Directions for this task
Every picture should be left out, but the lines below must be repeated exactly.

Excerpted data
▬▬▬▬▬▬▬▬▬▬

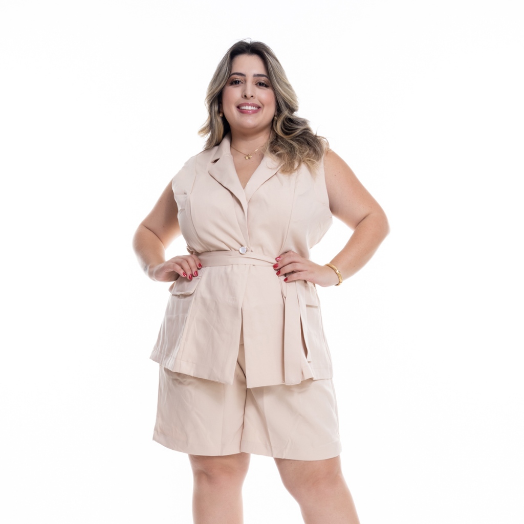 Plus Size G1 AO G3 Conjunto Feminino Blazer Colete e Short com cos elástico .HBD-CONPL-051
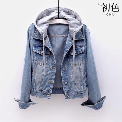初色 休閒百搭抽繩連帽坎肩長袖牛仔夾克外套-共2色-32137(M-2XL可選)$56476折
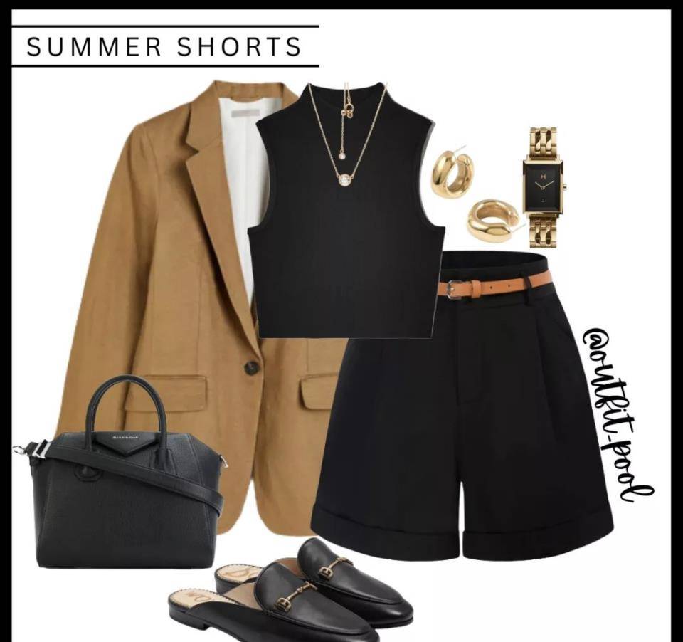 我們上班族或者大女人喜歡的西裝很容易被初夏的涼風所取代。內層換成賽車背心,搭配好看的直筒短褲,黑色內層搭配奶茶咖啡套裝,顯得顯瘦又高級。
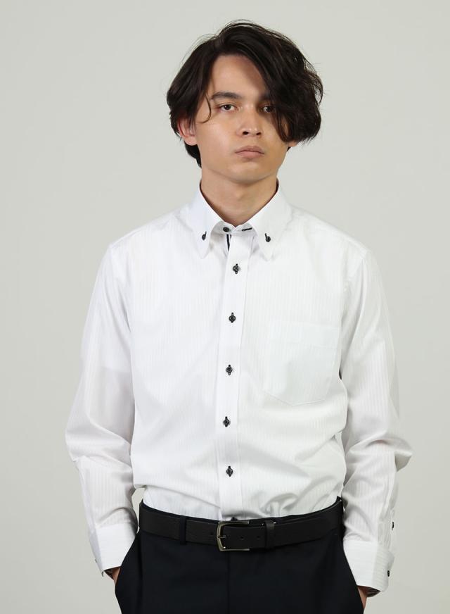 ■ビジネス・ワイシャツ・Yシャツ・カッターシャツ・長袖・長袖ワイシャツ・カフェ・ユニフォーム・ 作業服・事務服・白シャツ・ホワイトシャツ・ホワイトドビー・ブランドシャツ・メンズシャツ・標準体型・スリム体型・襟裏柄・袖裏柄・汗ジミ防止・ボタンダウン・レギュラー・ Sサイズ・Mサイズ・Lサイズ・LLサイズ・3Lサイズ・おしゃれ・カジュアル・クールビズ
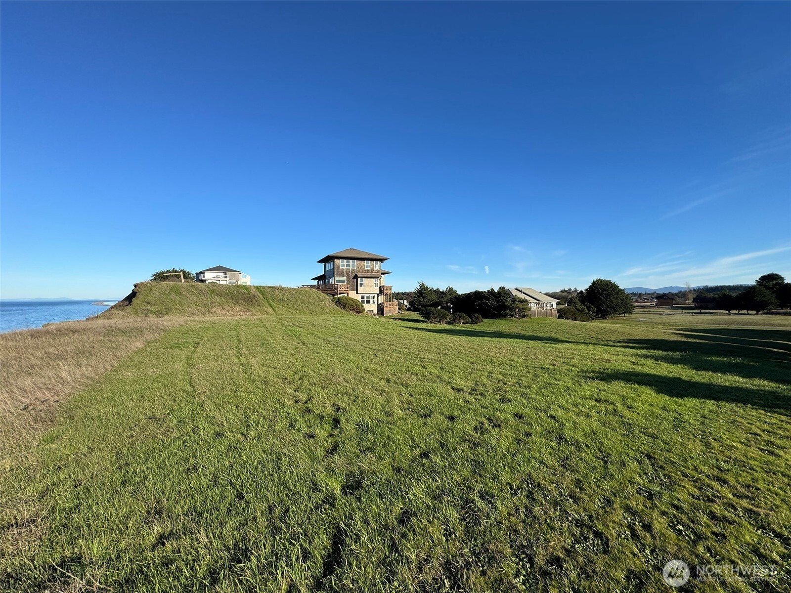 Experience extraordinary coastal living on this 2.5-acre high-bank waterfront parcel in Blue Ribbon Farms, an enclave of custom homes with access to a private grass airstrip. Set within Sequim’s renowned rain shadow, the property enjoys sunnier, drier weather and sweeping views of the Strait of Juan de Fuca, Mt. Baker, the San Juan Islands, Vancouver Island, and the Olympic Mountains. Eagles, hawks, seabirds, deer, and black-tailed rabbits are regular visitors, adding to the natural beauty and quiet rhythm of the setting. Outdoor recreation is exceptional with the Dungeness Recreation Area and Dungeness National Wildlife Refuge just moments away—offering miles of bluff-top trails, protected habitat, & the iconic walk along the Dungeness Spit to the lighthouse, a favorite local experience treasured by residents and visitors alike. The community’s private grass airstrip provides a rare amenity for aviation enthusiasts, blending naturally into the landscape. Much of the groundwork for building is complete: a preliminary stormwater plan, 2019 Geotech with 2024 county review confirming a 150' bluff setback, soils & site registration, and a pending 3-bedroom septic permit valid through March 2027. The property is served by PUD power and the Cascadia community water system, and CCRs help protect the character of this desirable waterfront community. A rare opportunity to build where sunshine, scenery, & coastal quiet come together in a truly exceptional setting.

▬▬▬▬▬▬▬▬▬▬

Exercise answer
 Plus Size G1 AO G3 Conjunto Feminino Blazer Colete e Short com cos elástico .HBD-CONPL-051
初色 休閒百搭抽繩連帽坎肩長袖牛仔夾克外套-共2色-32137(M-2XL可選)$56476折
 我們上班族或者大女人喜歡的西裝很容易被初夏的涼風所取代。內層換成賽車背心,搭配好看的直筒短褲,黑色內層搭配奶茶咖啡套裝,顯得顯瘦又高級。
 ■ビジネス・ワイシャツ・Yシャツ・カッターシャツ・長袖・長袖ワイシャツ・カフェ・ユニフォーム・ 作業服・事務服・白シャツ・ホワイトシャツ・ホワイトドビー・ブランドシャツ・メンズシャツ・標準体型・スリム体型・襟裏柄・袖裏柄・汗ジミ防止・ボタンダウン・レギュラー・ Sサイズ・Mサイズ・Lサイズ・LLサイズ・3Lサイズ・おしゃれ・カジュアル・クールビズ
 Experience extraordinary coastal living on this 2.5-acre high-bank waterfront parcel in Blue Ribbon Farms, an enclave of custom homes with access to a private grass airstrip. Set within Sequim’s renowned rain shadow, the property enjoys sunnier, drier weather and sweeping views of the Strait of Juan de Fuca, Mt. Baker, the San Juan Islands, Vancouver Island, and the Olympic Mountains. Eagles, hawks, seabirds, deer, and black-tailed rabbits are regular visitors, adding to the natural beauty and quiet rhythm of the setting. Outdoor recreation is exceptional with the Dungeness Recreation Area and Dungeness National Wildlife Refuge just moments away—offering miles of bluff-top trails, protected habitat, & the iconic walk along the Dungeness Spit to the lighthouse, a favorite local experience treasured by residents and visitors alike. The community’s private grass airstrip provides a rare amenity for aviation enthusiasts, blending naturally into the landscape. Much of the groundwork for building is complete: a preliminary stormwater plan, 2019 Geotech with 2024 county review confirming a 150' bluff setback, soils & site registration, and a pending 3-bedroom septic permit valid through March 2027. The property is served by PUD power and the Cascadia community water system, and CCRs help protect the character of this desirable waterfront community. A rare opportunity to build where sunshine, scenery, & coastal quiet come together in a truly exceptional setting.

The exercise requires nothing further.